Citadelle conquise

Citadelle conquise

prince-of-persia

Dernièrement, les barricades de ma sérénité ont été irrémédiablement attaquées, pas si tragiquement comme les mots que j’ornerais laisseraient entendre, mais pas suffisamment rassurant comme mon sourire travesti laisserait croire aussi. Les maux ne sont ils pas naturellement amplifiés dans les mots ? Cependant, aucune peine ne trouvera sa juste description quand le cœur enveloppant une plaie profonde qui refuse de cicatriser, se referme mal.

Je ne me rappelle pas être arrivée dans le passé à détester mon existence et le cœur en être relevé en dégout au point de vouloir en finir. Je ne nourris pas d’idées suicidaires, et j’espère ne pas en avoir, pourtant je voudrais que ça soit fini, que je ne sois pas seule, mais que tout le monde périsse. J’aurais aimé me glisser paisiblement sous mes draps et faire un doux rêve qui me ramènerait ce sourire qu’on trouvera immobilisé sur ma face au réveil quand je ne serais qu’un corps sans âme. Mais je ne voudrais pas que face à la mort je sois seule, qui me dirait alors si là aussi je n’aurais pas été à la hauteur !!

Je lis déjà des étonnements, et moi la dame aux ondes jusque là positives je donne aux esprits qui les ont manifestés raison. J’entends d’ici certaines langues conspuer mon égocentrisme sans limite et je ne pourrais me défendre. Ne paraitrais je pas sans hardiesse pour ne pas m’offrir cette mort que je désire voir planer sur tout l’univers ?

Plus courageux que tous les courageux, celui qui s’affirme lâche ; et dépourvu d’altruisme celui qui n’arrive même pas à s’aimer soi même. J’ai en moi les vices de ces vertus et les qualités de ces défauts. Je ne reconnais pas ma lâcheté, autrement je serais courageuse, et ne me culpabilisez pas d’égoïsme, je ne m’aime guère.

En prenant de l’âge, je comprends ce que je ressentais enfant : face à mes épreuves j’avais tout simplement ce trac de vouloir la perfection et craindre rater la chance d’exceller. J’avais, chaque année, un objectif et je jouais tant bien que mal ces intrigues de ma road movie. Depuis longtemps, je ne dessine plus d’objectifs que je voudrais atteindre, et là j’avoue mon échec.

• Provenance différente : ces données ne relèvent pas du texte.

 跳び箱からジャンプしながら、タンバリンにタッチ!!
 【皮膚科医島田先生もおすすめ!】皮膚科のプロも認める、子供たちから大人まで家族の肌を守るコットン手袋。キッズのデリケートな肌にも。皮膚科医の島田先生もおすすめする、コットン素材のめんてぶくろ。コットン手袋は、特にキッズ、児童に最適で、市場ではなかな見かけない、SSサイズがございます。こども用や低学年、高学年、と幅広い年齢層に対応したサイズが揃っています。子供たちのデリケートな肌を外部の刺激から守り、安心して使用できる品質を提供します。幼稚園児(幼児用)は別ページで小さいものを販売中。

Ceux qui risquent la vie pour la survie sont encore plus déterminés que je ne le suis actuellement. Je cherche la paix de mon âme et elle ne vient pas et c’est d’abstinence de la vie que j’erre dans la vie.

Permettez-moi de vous demander de la réflexion pour étudier de près et sérieusement ce qui suivrait en interrogation : pourquoi existons-nous sur cette terre ? Je me suis mise à l’examen et pris plus de temps que ce que je vous demanderais d’y consacrer, mais la réponse ne venait pas.

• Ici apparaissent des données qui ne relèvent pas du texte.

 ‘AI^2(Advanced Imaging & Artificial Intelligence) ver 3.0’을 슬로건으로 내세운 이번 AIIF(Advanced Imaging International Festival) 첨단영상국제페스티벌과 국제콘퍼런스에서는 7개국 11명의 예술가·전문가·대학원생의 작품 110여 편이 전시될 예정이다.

Je croyais que parce que chacun de nous aurait une mission à accomplir dans la place où il se tient, dans l’espace où il opère, mais Excusez moi mon Dieu, si je n’avais pas retenu la leçon. Je préfère être une mauvaise élève congédiée de Ton cours que maladroite messagère.

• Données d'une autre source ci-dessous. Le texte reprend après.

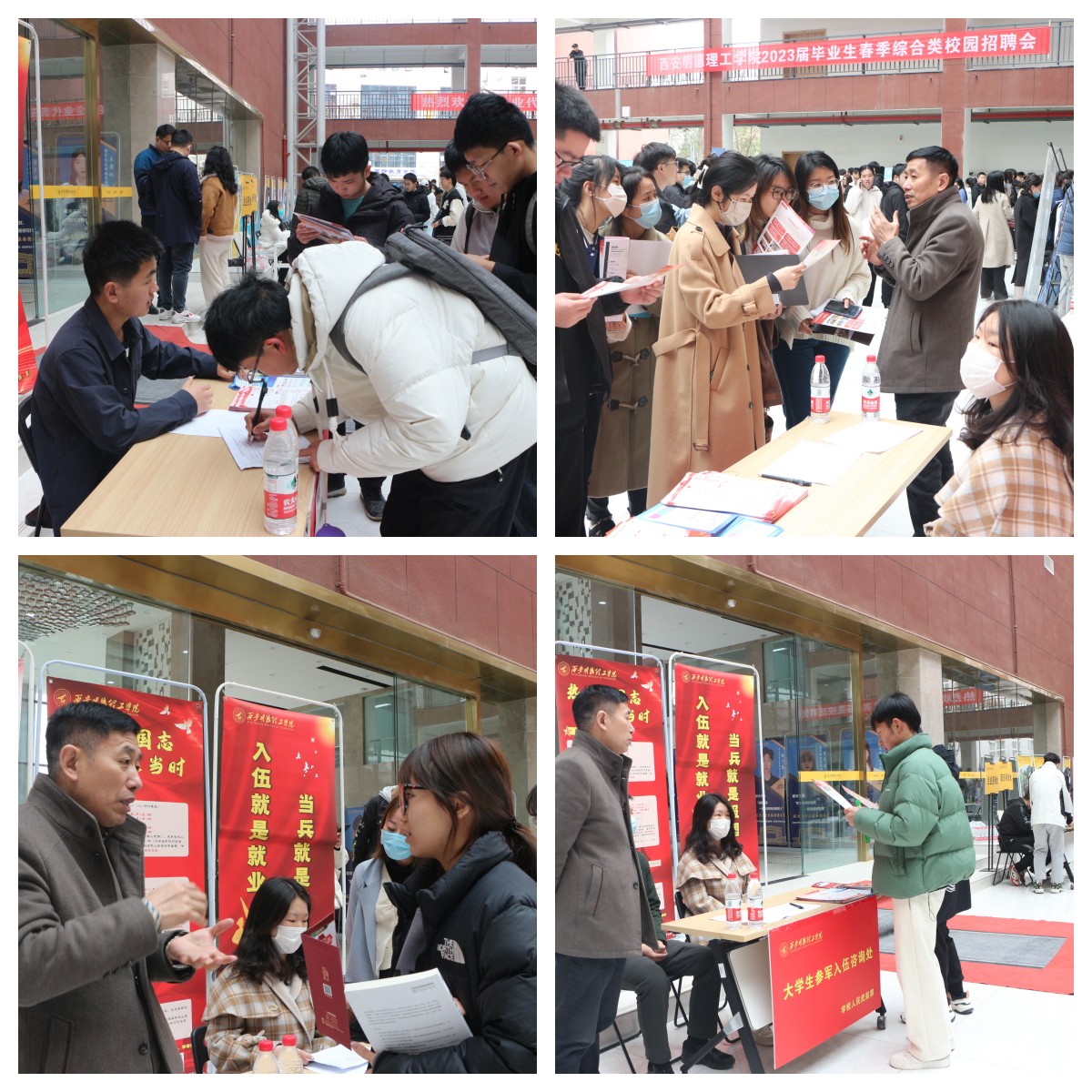 为进一步推进世界杯官网2023年大学生征兵入伍工作,积极引导和鼓励更多的毕业生响应国家号召,投身军营,建功立业,3月1日,上半年大学生入伍工作刚接近尾声,学校人民武装部就以“学校2023届毕业生综合类春季校园招聘会”为契机,在现场设立了“大学生参军入伍咨询处”,率先开启了2023年下半年的大学生入伍宣传工作。

En famille, je m’épuise à prendre continuellement place dans cette spirale de rejet familial. Nous vivons l’incohésion par excellence, et ça me manquait le temps où admirablement nous étions heureux, parce qu’il est malheureux de constater que nous sommes devenus malheureux. Dû à quoi, je l’ignore. Je sais seulement que si lamentable je me vois, c’est parce que je suis la victime d’une éducation scrupuleuse, victime de leurs débats interminables. Je suis victime de leur union. J’ai rejoint dernièrement ce club d’hérétiques à qui comme il fut impossible de concerter pour leurs propres naissances décident de ne pas infliger le même sort aux descendants.